Topologically based decision support tools for aircraft routing

This paper considers the problem of rapidly generating aircraft trajectories and providing visual tools for analyzing airspace in the presence of convective weather. When strong convective weather elements are present within an airspace, nominal operations are disrupted. Often, such disruptions result in the closure of arrival and departure routes, or major jetways. Partial recovery from disturbances can take the form of ground delay programs and diversions, re-routing of flights to adjacent airspaces, or utilization of other standard arrival and departure fixes. The work presented here proposes two decision support tools to aid air traffic controllers and managers in re-routing traffic. Starting from weather information, partitions of the airspace are constructed whose boundaries and junctions form a Voronoi graph. The graph is used for path planning and provides information on optimal routing policies.

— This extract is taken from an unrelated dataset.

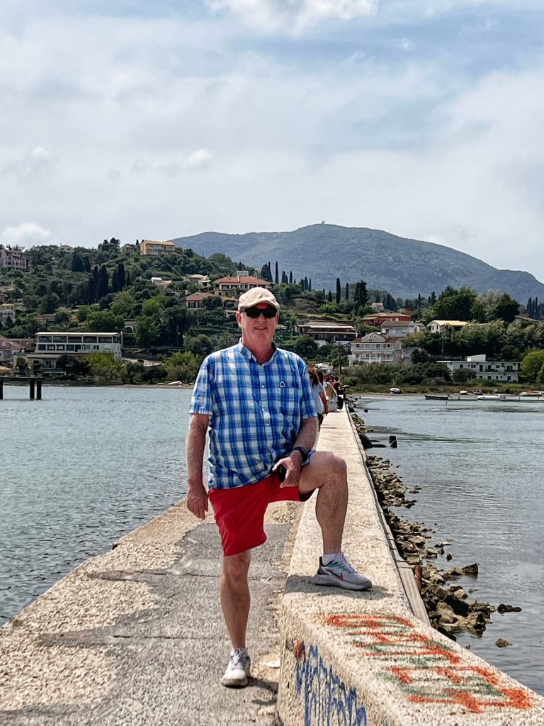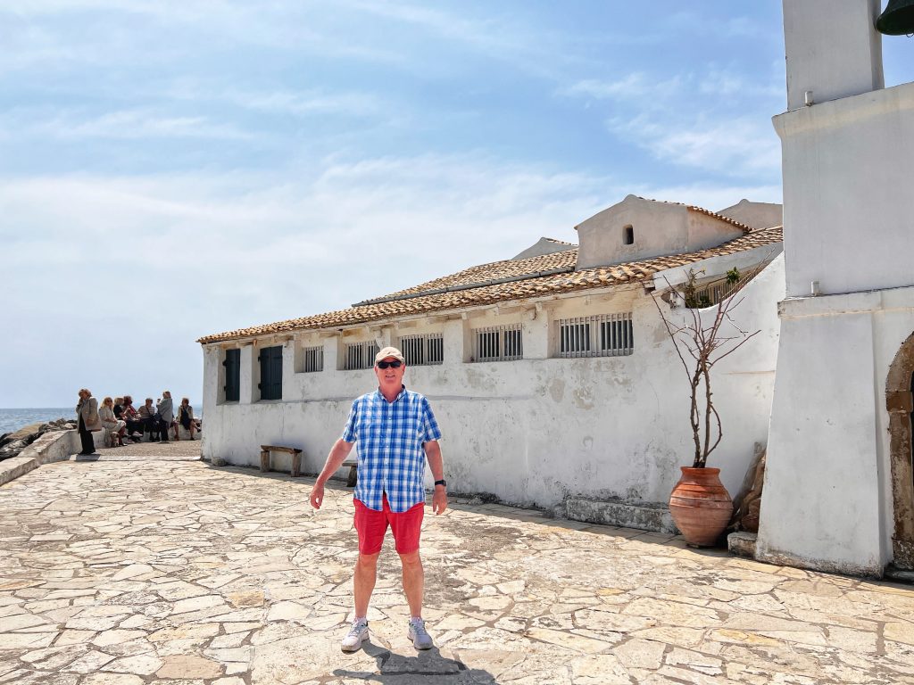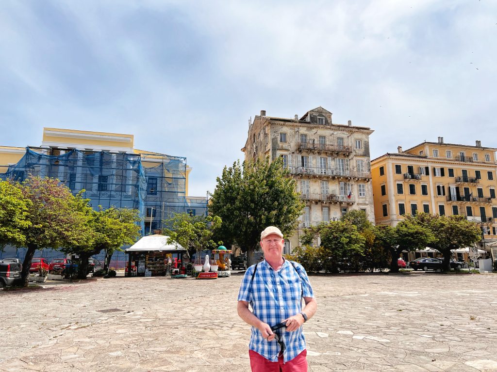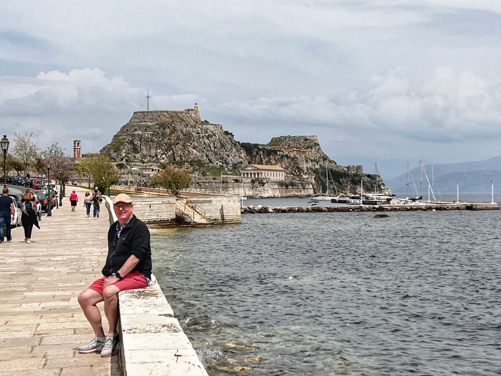 The second destination is around the old town of Corfu, the background in this photo below is the old fortress at the edge of the old town. The fortress was built by the Venetians in the 15th century. In the photo below is PJG’s brother, Brian. Maybe only Brian would sit still for a photo?

Furthermore, the partitions are also used to identify the set of reachable space by airplanes. A key feature of the tool is that a set of optimal solutions and/or informational content is provided, as opposed to simply providing a single optimal trajectory solution or output with limited informative content. The sets of optimal solutions are obtained by finding homotopy classes for flight routing, leading to greater flexibility in decision making. The central thesis of this paper is that graph-based and continuous trajectory-based path planning algorithms can provide the necessary information for strategic and tactical path planning through weather, and are thus well suited as decision support tools for enhancing air traffic management.